Stillwater News Press


March 1, 2014

Grow! 03-02-14

Dividing hostas great way to propagate new plants

Oklahoma gardeners who are looking for a great shade-loving addition to their garden should look no further. One of the most popular shade perennials is the hosta. With new varieties being introduced every year, you can easily become addicted to this easy to grow foliage plant.

Hostas work well in many situations, but sometimes the plant simply gets too large for the area and needs to be divided. Division also is a great way to propagate new plants. With few exceptions, hostas do not come true when planted from seeds, leaving division as the primary mode of reproduction. Sometimes after being in the same location for many years, a hosta may die out in the center. If this happens, division is used to remove dead areas and improve the plant's appearance.

Fortunately, hostas are quite forgiving and can be divided anytime during the growing season, but the easiest and best time is in early spring when the soil is cool and moist and before the foliage is fully leafed out.

Start by digging up the entire plant. I like to use a garden fork to lift plants. Start digging 6-18 inches from the plant base, depending on the clump size.

Dig a circle around the clump, then loosen some of the soil within the circle and gently lift the hosta out of the ground.

Some hostas will have massive root systems, but don't worry if you cut through them. These plants store lots of energy and will readily produce new roots when replanted. To separate the plant into pieces, just cut through the clump with either a heavy knife, a spade or two garden forks. Be sure that each piece has several growing points and some roots. If you are new at dividing hostas or other perennials, washing the dirt off the clump can be helpful to see the individual plants and their rhizomes.
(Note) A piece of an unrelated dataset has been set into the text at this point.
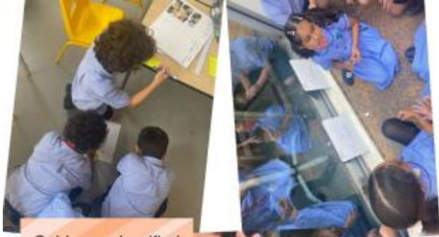
Gold - we classified rocks into man made or natural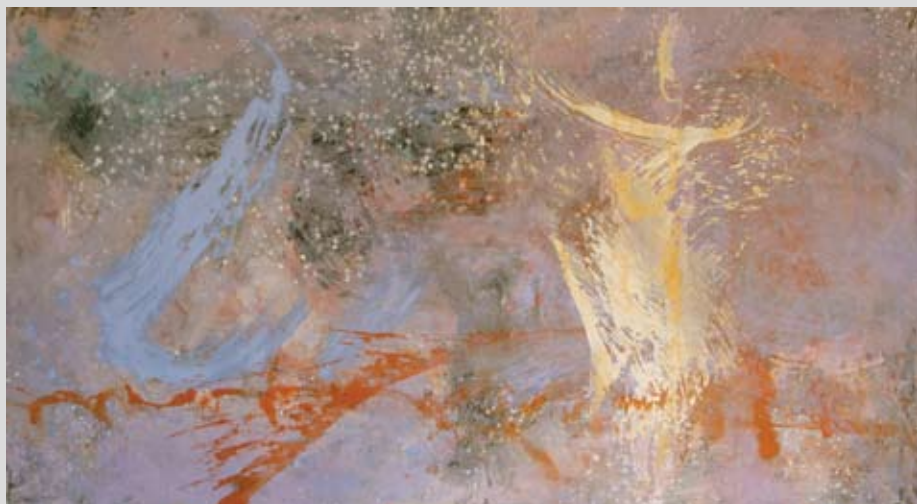
PDF1 Here and Now Meets Destiny 6' 9" x 3' 9" Acrylic on canvas

Hostas like a rich soil, so before replanting the newly divided plants, prepare the new planting area by mixing in a healthy dose of compost along with a sprinkle of balanced fertilizer. Set each plant in a hole at the same depth is was before, making sure the white basal portions of the stems are just under the ground and you can’t see them.
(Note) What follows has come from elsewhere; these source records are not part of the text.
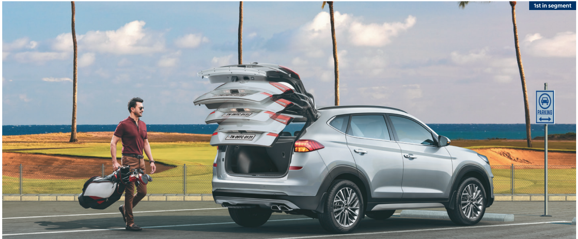
Hands free smart power tail gate with height adjustment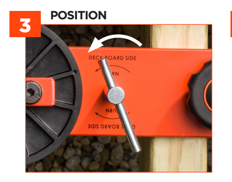
Place LEVER on the joist and tighten the joist cam with the Pivot Pin.

Adjust the stop block to the proper joist width and tighten the knob.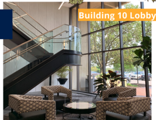
Building 10 Lobby

SWITCH UP THE SCENERY & HOST YOUR MEETING IN THE AMENITY CENTER! OUR ROOMS ARE EQUIPPED WITH WIFI, SMART/APPLE TVS, POLYCOM TELEPHONE, PROJECTOR WITH HDMI, WHITEBOARD WALLS, & PLENTY OF COMFY SEATING ALL WHILE CONVENIENTLY CLOSE TO OUR TENANT LOUNGE, CENTRAL STATION, & FOSTER CAFE.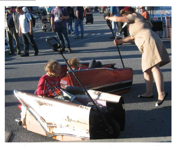
Kids' wagons made from '50s fins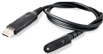
HR Series Programming Cable (60201144)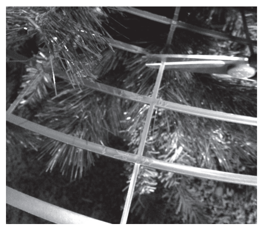
Step 6: (OPTIONAL) Now that your Christmas Tree Defender™ is in the tree, vou may trim any overhang for concealment by following the marked guide. The Christmas Tree Defender™ can be up to ten inches shorter than the above branches. Discard any additional loose pieces as they could cause choking, suffocation, or other hazards for children or pets.

Christmas Tree Defender™ is produced by Pet Guardian™ ... because we them.

If you have washed the roots or the roots are not holding much soil, make a good size hole and spread the roots out in a fan. Replace the soil, pressing firmly with the palm of your hand around the plant, and water the plants well so no large air pockets in the soil exist. Top each plant with a few inches of mulch.
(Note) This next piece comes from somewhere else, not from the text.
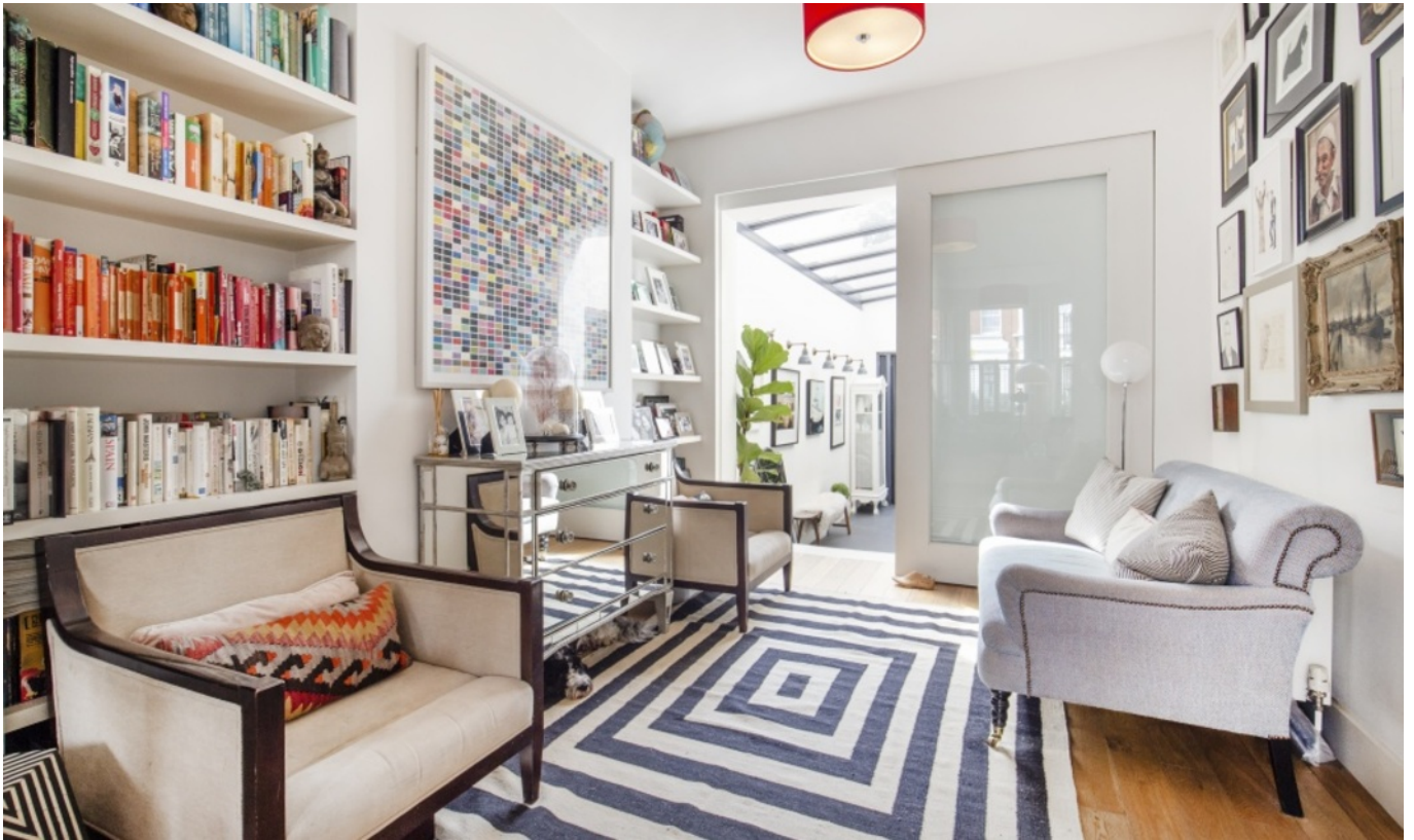
ROXWELL ROAD W12 • ASKEW ROAD AREA £850 PW / £3,683 PCM

Be sure to keep newly divided plants well watered for the first two weeks, especially if there is a period of drought. During this period, the leaves may wither quickly on warm days since the roots have been reduced in size or were injured during division. A hot day may cause leaf burn, but this is not permanent damage. Spring division helps us to minimize withering problems.

Kimberly Toscano is assistant extension specialist and host of the OETA television program Oklahoma Gardening, which airs at 11 a.m. Saturdays and 3:30 p.m. Sundays, and assistant director of The Botanic Garden at Oklahoma State University.